Le premier contraceptif masculin injectable a passé les essais cliniques. L’ère de la contraception masculine est-elle proche ?

Le premier contraceptif masculin injectable a passé les essais cliniques. L’ère de la contraception masculine est-elle proche ?

Des chercheurs indiens affirment avoir terminé les essais cliniques de la première pilule contraceptive masculine au monde. Historiquement, la responsabilité de la contraception incombe principalement aux femmes. Les nouvelles avancées vont-elles changer le modèle de contraception humaine ?

Écrit par le journaliste Li Li, rédacteur photo et texte : Ding Lin

Rédacteur en chef des nouveaux médias/Chen Xuanzhi

Interview d'experts :

Li Haisong (Directeur du département d'andrologie, hôpital Dongzhimen, Université de médecine chinoise de Pékin)

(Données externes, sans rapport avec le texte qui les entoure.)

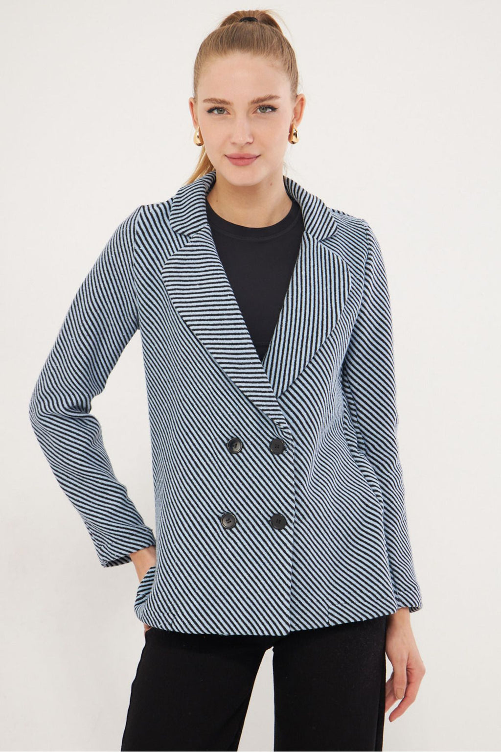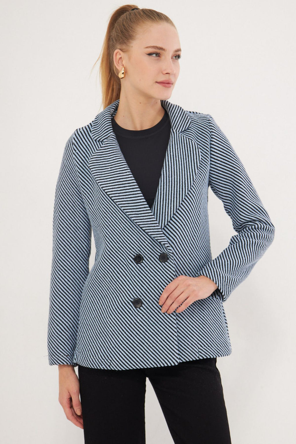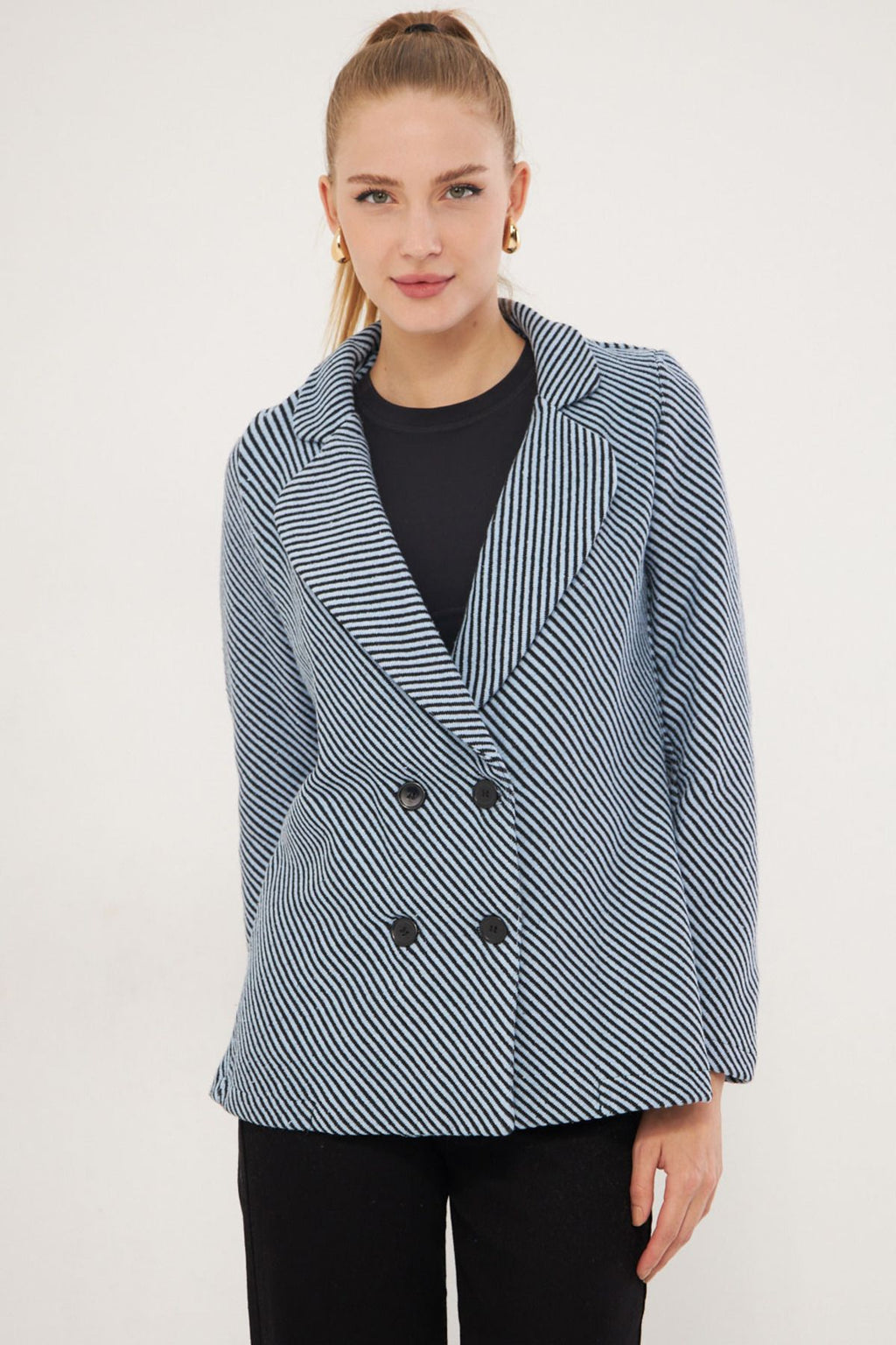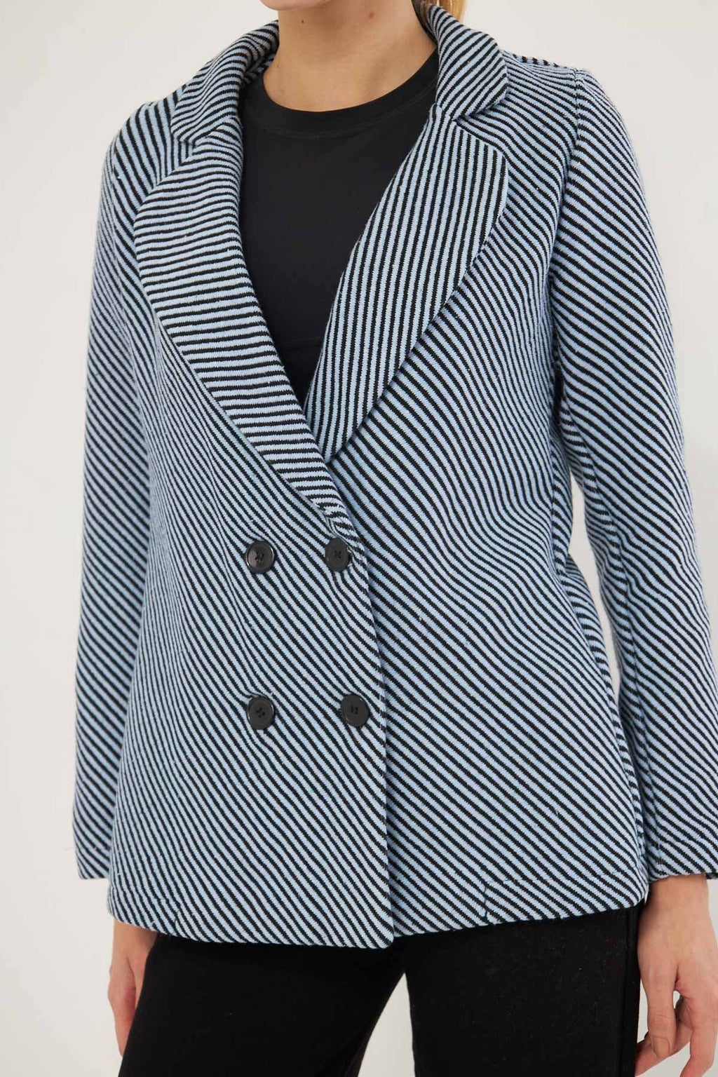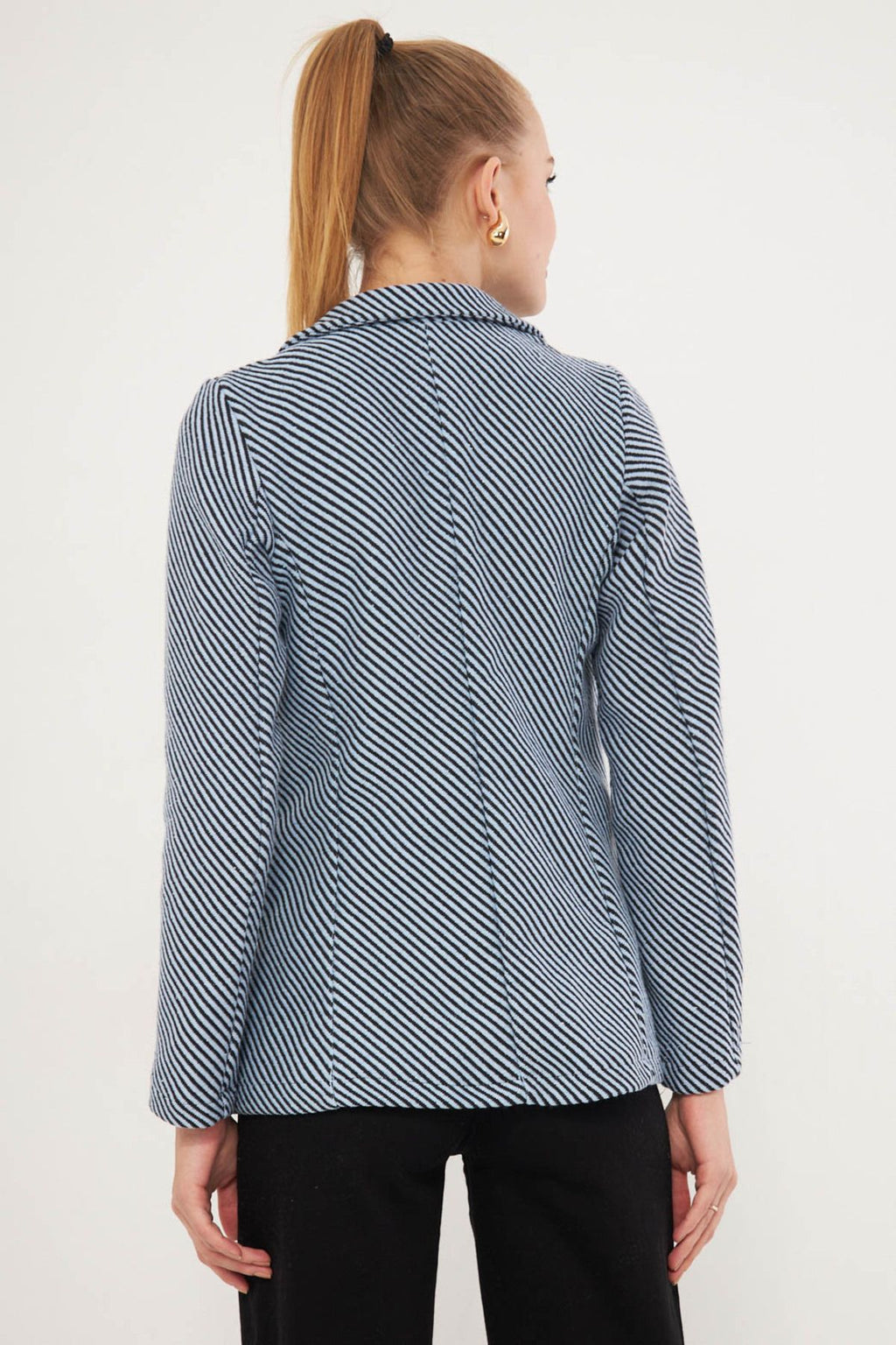 Woman Baby Blue Line Patterned Four buttoned stamp jacket ARM-24K001037

En plus des préservatifs, les scientifiques ont découvert une nouvelle méthode de contraception masculine. Le Conseil indien de la recherche médicale a annoncé à la mi-août avoir terminé avec succès l'essai clinique de RISUG, le premier contraceptif masculin injectable au monde. Le médicament a un taux de réussite contraceptive de 97,3 % et est efficace pendant 13 ans. Si le médicament est finalement approuvé par le Drug Controller General of India (DCGI), il deviendra le premier contraceptif masculin injectable au monde.

▲Le mécanisme d'action du contraceptif masculin injectable RISUG (Source : bloomberg.com)

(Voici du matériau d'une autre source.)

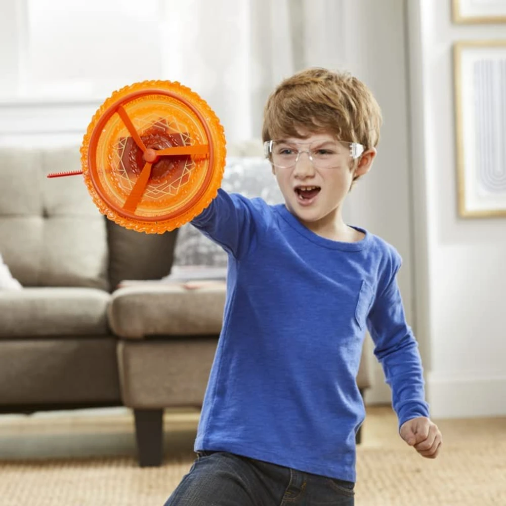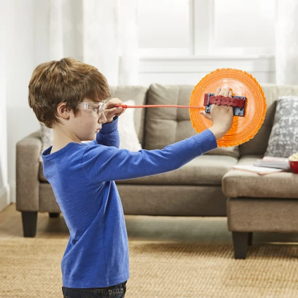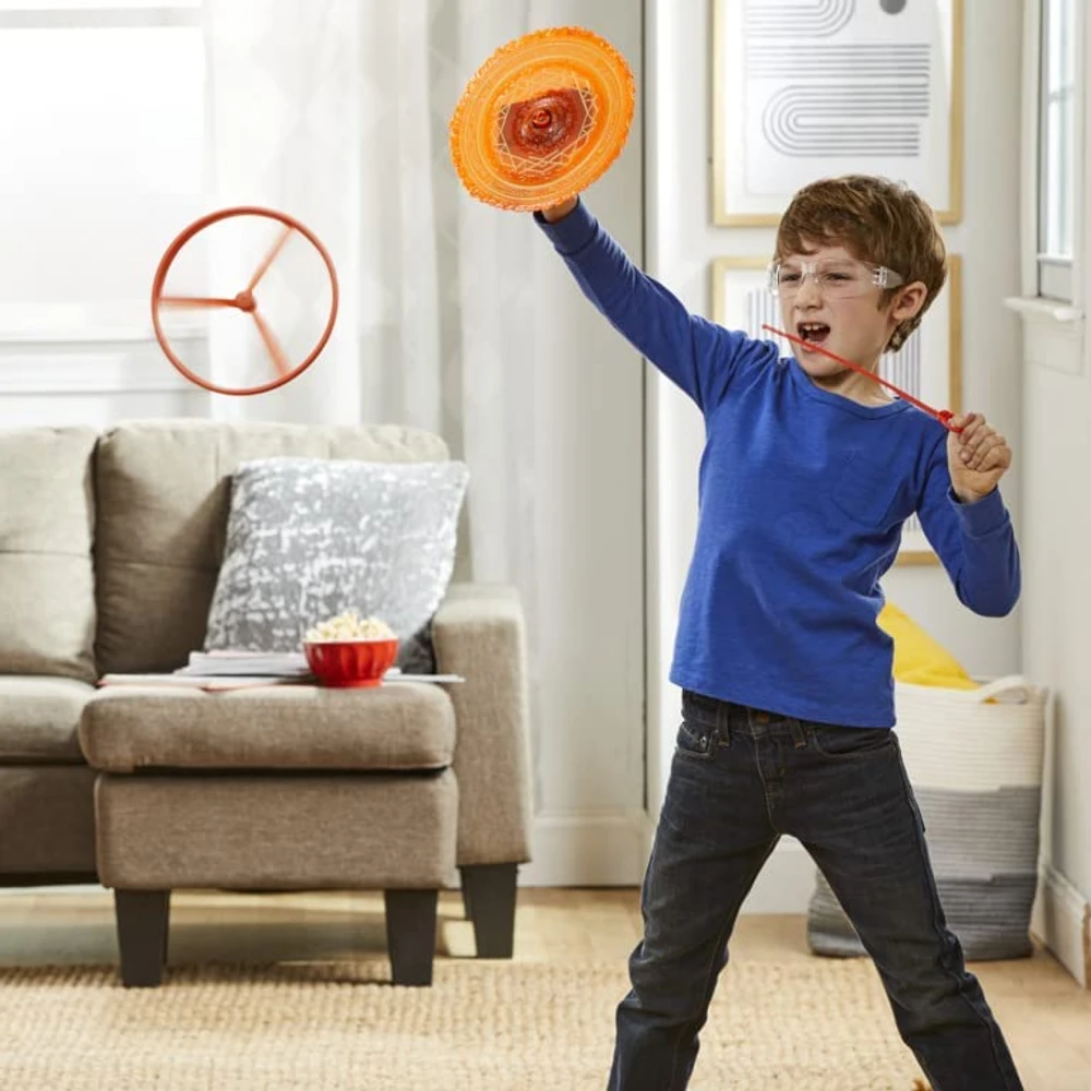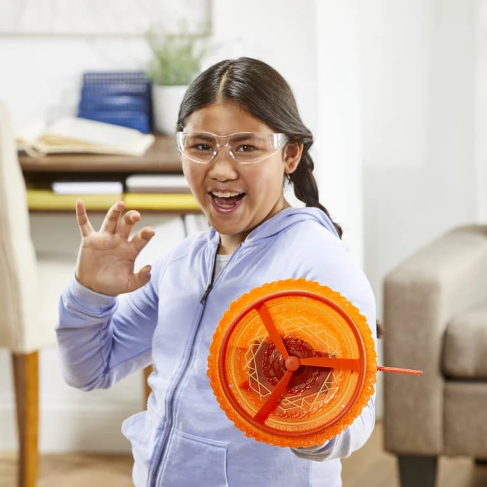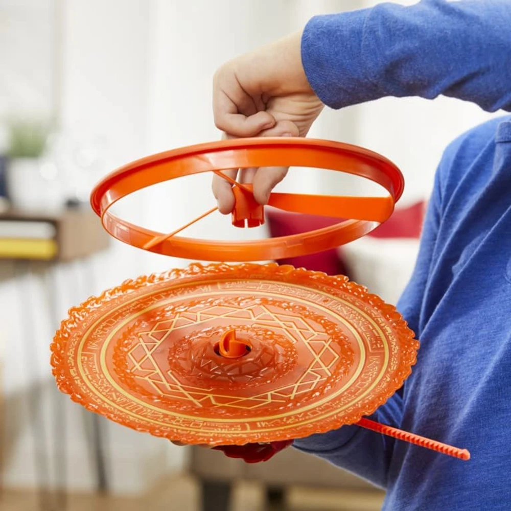 DEFENDA A DIMENSÃO: Crianças a partir dos 6 anos podem carregar um projétil de feitiço de turbina no lançador e, em seguida, puxar a corda para lançar, imaginando salvar o universo

En fait, les méthodes contraceptives scientifiques modernes ne sont devenues ce qu’elles sont aujourd’hui qu’après des milliers d’années d’exploration longue et tortueuse. Tout au long de l’histoire, les gens ont continuellement inventé des outils et des méthodes de contraception plus simples et plus efficaces. Comprendre comment ces réalisations durement acquises par la civilisation humaine ont pu être obtenues pourrait permettre aux hommes et aux femmes d’aujourd’hui de partager plus rationnellement la responsabilité de la contraception.

Méthodes contraceptives précoces

Lorsque la civilisation humaine est apparue, elle vivait principalement de la chasse, de la pêche et de la cueillette. L’environnement naturel difficile et la faible productivité ne permettent pas l’existence d’une population importante. À cette époque, les humains ne comprenaient peut-être pas le lien inévitable entre le sexe et la grossesse. Certaines civilisations croyaient même que la grossesse et l’accouchement étaient des « phénomènes magiques » propres aux femmes.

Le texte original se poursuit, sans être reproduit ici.